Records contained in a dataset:
- Opening Delimiter -
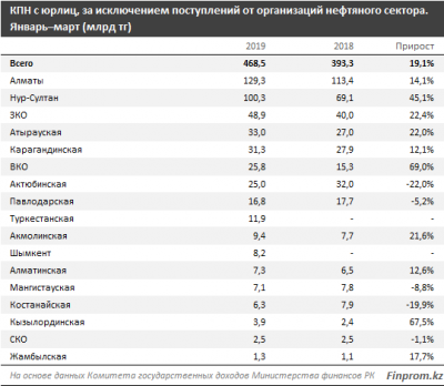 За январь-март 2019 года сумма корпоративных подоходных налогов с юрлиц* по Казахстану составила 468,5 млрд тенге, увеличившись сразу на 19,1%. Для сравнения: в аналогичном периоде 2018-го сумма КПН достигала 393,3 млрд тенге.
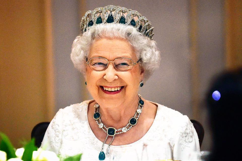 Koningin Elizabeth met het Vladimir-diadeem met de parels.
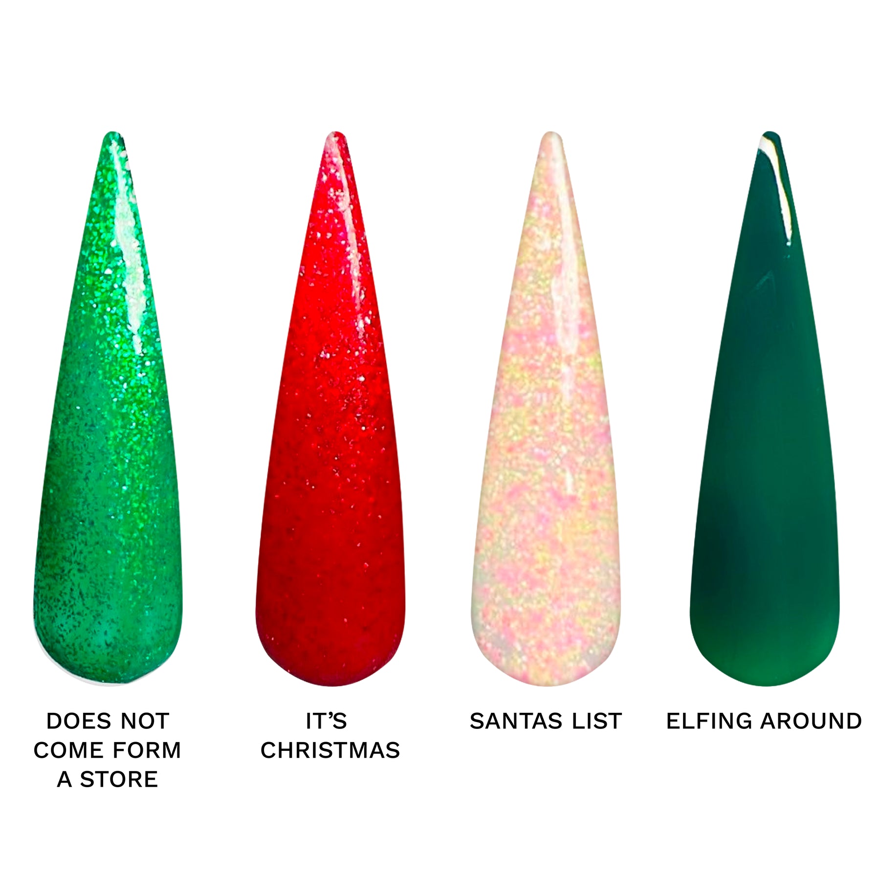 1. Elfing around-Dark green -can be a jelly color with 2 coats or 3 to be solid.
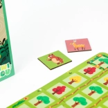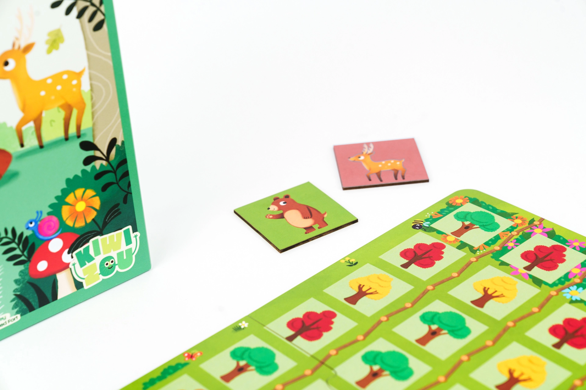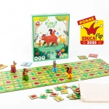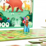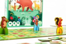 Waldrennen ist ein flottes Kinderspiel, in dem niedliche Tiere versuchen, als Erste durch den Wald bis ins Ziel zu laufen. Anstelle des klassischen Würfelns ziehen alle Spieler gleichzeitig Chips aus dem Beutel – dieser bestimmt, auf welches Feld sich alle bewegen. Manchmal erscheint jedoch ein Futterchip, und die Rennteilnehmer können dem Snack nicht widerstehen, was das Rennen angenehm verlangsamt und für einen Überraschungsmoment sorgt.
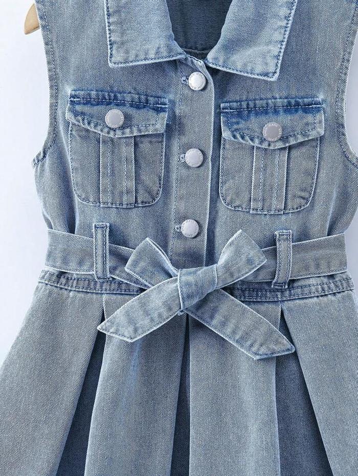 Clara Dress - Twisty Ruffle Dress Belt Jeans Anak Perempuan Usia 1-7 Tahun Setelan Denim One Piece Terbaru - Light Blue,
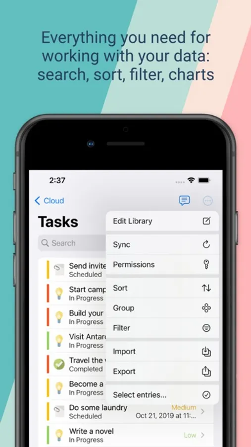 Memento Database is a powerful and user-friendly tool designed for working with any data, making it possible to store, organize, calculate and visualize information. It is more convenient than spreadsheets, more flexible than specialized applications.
- Closing Delimiter -
◆ **Work request**
In the records above, find the line with "Waldrennen ist ein". Print exactly from there through the line with "Clara Dress - Twisty", minus the pictures.

◆ **Answer space**
 Waldrennen ist ein flottes Kinderspiel, in dem niedliche Tiere versuchen, als Erste durch den Wald bis ins Ziel zu laufen. Anstelle des klassischen Würfelns ziehen alle Spieler gleichzeitig Chips aus dem Beutel – dieser bestimmt, auf welches Feld sich alle bewegen. Manchmal erscheint jedoch ein Futterchip, und die Rennteilnehmer können dem Snack nicht widerstehen, was das Rennen angenehm verlangsamt und für einen Überraschungsmoment sorgt.
 Clara Dress - Twisty Ruffle Dress Belt Jeans Anak Perempuan Usia 1-7 Tahun Setelan Denim One Piece Terbaru - Light Blue,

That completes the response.